# computer locking up and need new Anti virus



## okiemom (May 12, 2002)

hi,

I am having a really hard time w/ the computer locking up when I have been surfing too long or I am on youtube/video sites.

i believe it is from Norton but it could be a few things. 

I just downloaded the adware 07 and am doing a scan and it has detected 300+ things. will this help?

what else do I need to download? will adware fight w/ other programs?

our Norton is going to need to be bought again or a new Av is needed. i am leaning to AVG. Would this be good enough? how do I get rid of Norton so I don't have 2 AV systems running? 

will 2 video/media players make the computer lock up? it locks up everytime I am on the itunes site. I also have media player.

i am about to go nuts w/ having to hard reboot the computer. Everyone keeps sending me youtube videos to watch and I can't. I will also lock up on any video. 

thanks for all the help.


----------



## lharvey (Jul 1, 2003)

Uninstall that Norton crap and don't renew it.

Instead, install AVG it will do you right AVG Anti-Virus choose the free version.

You won't be sorry.


----------



## pixelphotograph (Apr 8, 2007)

Agree with lharvey
Uninstall norton never use it again.
AVG is good.
so is AVAST HOME
Both are free and work great
Spybot is another program I use with ad aware both work well and remove a bunch of junk.


----------



## okiemom (May 12, 2002)

Thanks I have norton turned off and we installed zone alarm, ad aware, and comodo. Are these enough for everythink I need? 

i am making sure I have everthing downloaded correctly before I kill norton. 

Do these also do milti tasks like norton? I want to make sure I downloaded the right segments.

these new programs keep asking if I should allow/disallow different programs to work. How do I know which ones are good or bad?!


----------



## Nevada (Sep 9, 2004)

okiemom said:


> these new programs keep asking if I should allow/disallow different programs to work. How do I know which ones are good or bad?!


That's zone alarm doing that. If it's a program you installed, or Internet traffic you expect, then it's good. Otherwise it's bad. 

Quite frankly, if you really don't know you should just forget zone alarm for the time being and use Windows Firewall.


----------



## Stann (Jan 2, 2005)

If your computer is slowing or locking up, the first thing is to always do some "computer cleanup". Clean out your temporary files, cache, and cookies that you don't need (usually just get rid of them all). For example do the disk cleanup:

Programs -> System Tools -> Accessories -> Disk Cleanup

Then in your browser, clean out cookies to give you a clean slate (note that this most likely/will remove stuff saved on the computer, such as saved passwords or other saved program logon info):

In Firefox, Pull down menu Tools -> Options -> Privacy Tab -> Cookie (Show Cookie) -> Remove All Cookies.
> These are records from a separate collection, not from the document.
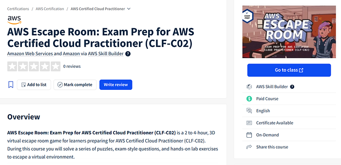 3. AWS Escape Room: Exam Prep for AWS Certified Cloud Practitioner (CLF-C02) (AWS Skill Builder — Paid Free Trial)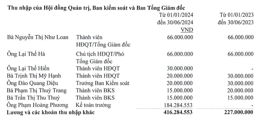 Cụ thể, trong nửa đầu năm nay, bà Nguyễn Thị Như Loan - tổng giám đốc kiêm thành viên HĐQT và ông Lại Thế Hà - chủ tịch HĐQT - nhận tổng thu nhập 66 triệu đồng. Tức bà Loan hay ông Hà nhận bình quân mỗi tháng 11 triệu đồng, báo Tuổi Trẻ thông tin.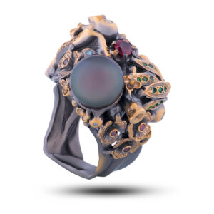 Кольцо «Галла», жемчуг, гранат, топаз, шпинель, фианит, размер 18,25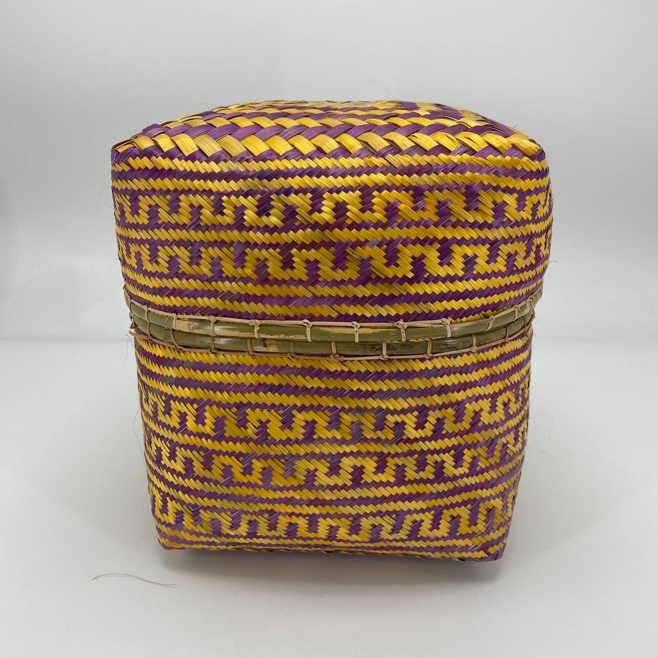 This beautiful handwoven bamboo box with lid was made by Iban artisan Meragi Anak Muking.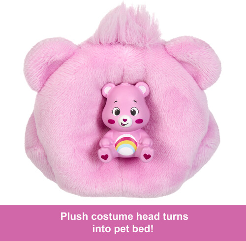 Discover more surprises like a skirt and matching mini Care Bears figure. Flip the plush top for an oversized jacket and the costume head for a pet bed.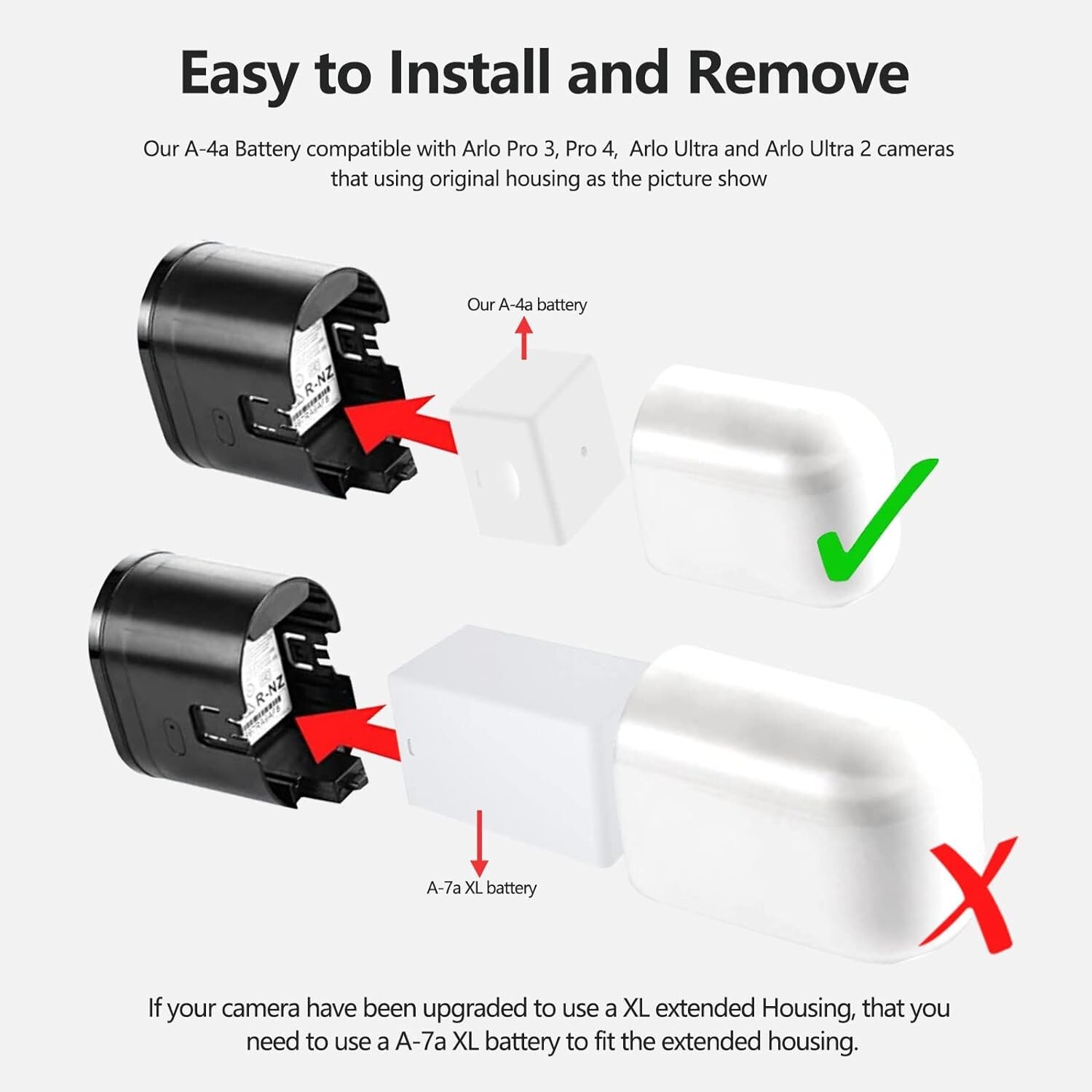 2-Pack Rechargeable Batteries and LCD Dual Charger Compatible with Arlo Ultra, Ultra 2, Arlo Pro 3, Pro 4, Pro 5S 2K Camera 4800mAh A-4a 【Battery Type】Material: rechargeble Li-ion; Capacity: ; High capacity and quality cells make for your Arlo Pro 3, Pro 4, Pro 5S 2K , Arlo Ultra and Ultra 2 work longer, provides uninterrupted performance for your home security and lets you reduce the down-time. 【Fully Compatible with Arlo】: Same chip battery designed for Arlo cameras, fully compatible with Arlo Pro 3, Pro 4, Pro 5S 2K, Arlo Ultra and Arlo Ultra 2 cameras(NOT FOR Arlo pro 3 Floodlight version). NOTE: If your camera is one of the above models but has been upgraded to use a XL battery for an Arlo Extended Housing, then this battery doesn't fit Extended Housing, you need to use A-7a battery(SEE THIS ASIN B0B152B72X) ,please must note the battery size as our pictures show. 【Easy Installation and recharge】: Remove the back cover of the camera and insert battery. Easy to recharge on the for Arlo Pro 3 Camera or Charging Station for Arlo Ultra and Ultra 2, Arlo Pro 3, Pro 4, Pro 5. Note: DO NOT fit for Arlo Pro, Arlo Pro 2, and Arlo Go camera. 【Safe To Use】: Integrated intelligent control chip help you use for Arlo-pro3 pro4 pro 5S 2K cameras safer. Built-in over-charge, over-discharge, over-voltage, over-current and over-heating protections. Multiple circuit protection ensures both safety and stability. Exclusive offering of high performance and long lasting usage. 【Buy with Confidence satisfaction】: Package includes: 2-pack Batteries and dual-channel charger for Arlo pro3, pro4 pro5 / Ultra Ultra2 camera, 1*type-c charging cable. 12 s satisfaction. 24 x 7 Support. If you have any questions, please contact me directly. We are committed to resolving any situation in which our product does not meet your expectations.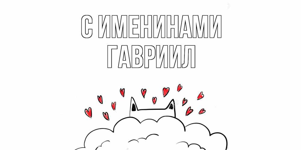 Открытка С именинами Гавриил. кот скучает с любовью. котик скучает по тебе очень с сердечками
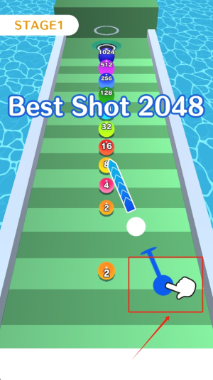 3、在合成出 2048 数字的小球后,需精准击打使其进入球洞,完成这一关键步骤才算通关,考验最后一击的准确性。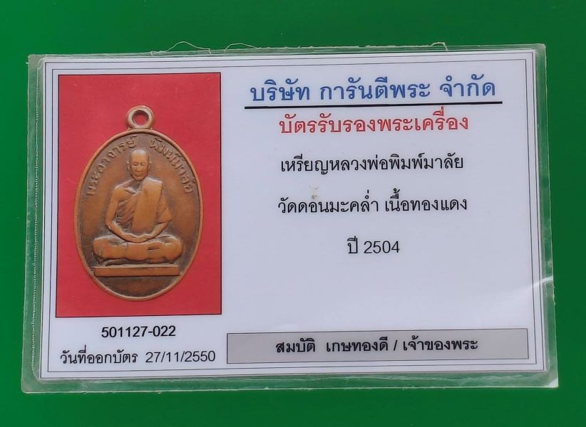 เหรียญรุ่นแรก หลวงพ่อพิมพ์มาลัย วัดหุบมะกล่ำ จ.ราชบุรี ปี 2504 เนื้อทองแดง |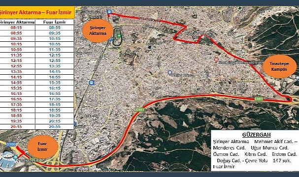 Halen hizmet veren 92 numaralı Fuar İzmir - Üçyol Metro (Karabağlar ve Metro bağlantılı); 610 numaralı Fuar İzmir - Gaziemir Semt Garajı (İZBAN bağlantılı) ve 650 numaralı Fuar İzmir - Balçova (Üçkuyular İskelesi ve F.Altay Metro İstasyonu bağlantılı) otobüs hatları, ek seferlerle güçlendirilecek.

In Explorer, Pull down menu Tools -> Internet Options -> under General Tab -> Temporary Internet Files -> Delete Files... -> OK
Pull down menu Tools -> Internet Options -> under General Tab -> Temporary Internet Files -> Settings... -> View Files -> make no filenames are showing, if some are showing then select them with the Edit pulldown, then Select All and Delete.
(this cleans out your temporary files and cookies).


----------



## morrowsmowers (Jun 14, 2004)

Using Zone Alarm along with Comodo will give you problems. I use Avast! and Comodo and have no problems. When we used Nortons carp we had nothing but problems.

Completely uninstall everything Norton and install either Avast! or AVG along with just Comodo. You don't need Zone Alarm, too.

Ken in Glassboro, NJ


----------



## MELOC (Sep 26, 2005)

consider adding memory (RAM) as this may help too.


----------



## Stann (Jan 2, 2005)

This solution of "adding memory" is usually a cover-up. Most contempory computer systems have sufficient memory for home usage. But, a computer system which wastes system resources demonstrate poor performance. Adding more memory will temporarily hide an underlying problem of resource waste.

Examples of resource waste can be old cache or temporary files, "old cookies", automatic program updates, or of course virus.


----------



## okiemom (May 12, 2002)

All the cookies, files, etc have been cleaned up. per instruction from this board. We have added more stuff to the computer it just hates having to scan big strange files. If I have been surfing ( jumping quickly back and forth between pages) for a while it locks up, same if I open any thing that requires video. About every 2-3 hrs I have to reboot to despaz it.


----------



## okiemom (May 12, 2002)

Avg and comodo which one is the firewall?


----------



## MELOC (Sep 26, 2005)

Stann said:


> This solution of "adding memory" is usually a cover-up. Most contempory computer systems have sufficient memory for home usage. But, a computer system which wastes system resources demonstrate poor performance. Adding more memory will temporarily hide an underlying problem of resource waste.
> 
> Examples of resource waste can be old cache or temporary files, "old cookies", automatic program updates, or of course virus.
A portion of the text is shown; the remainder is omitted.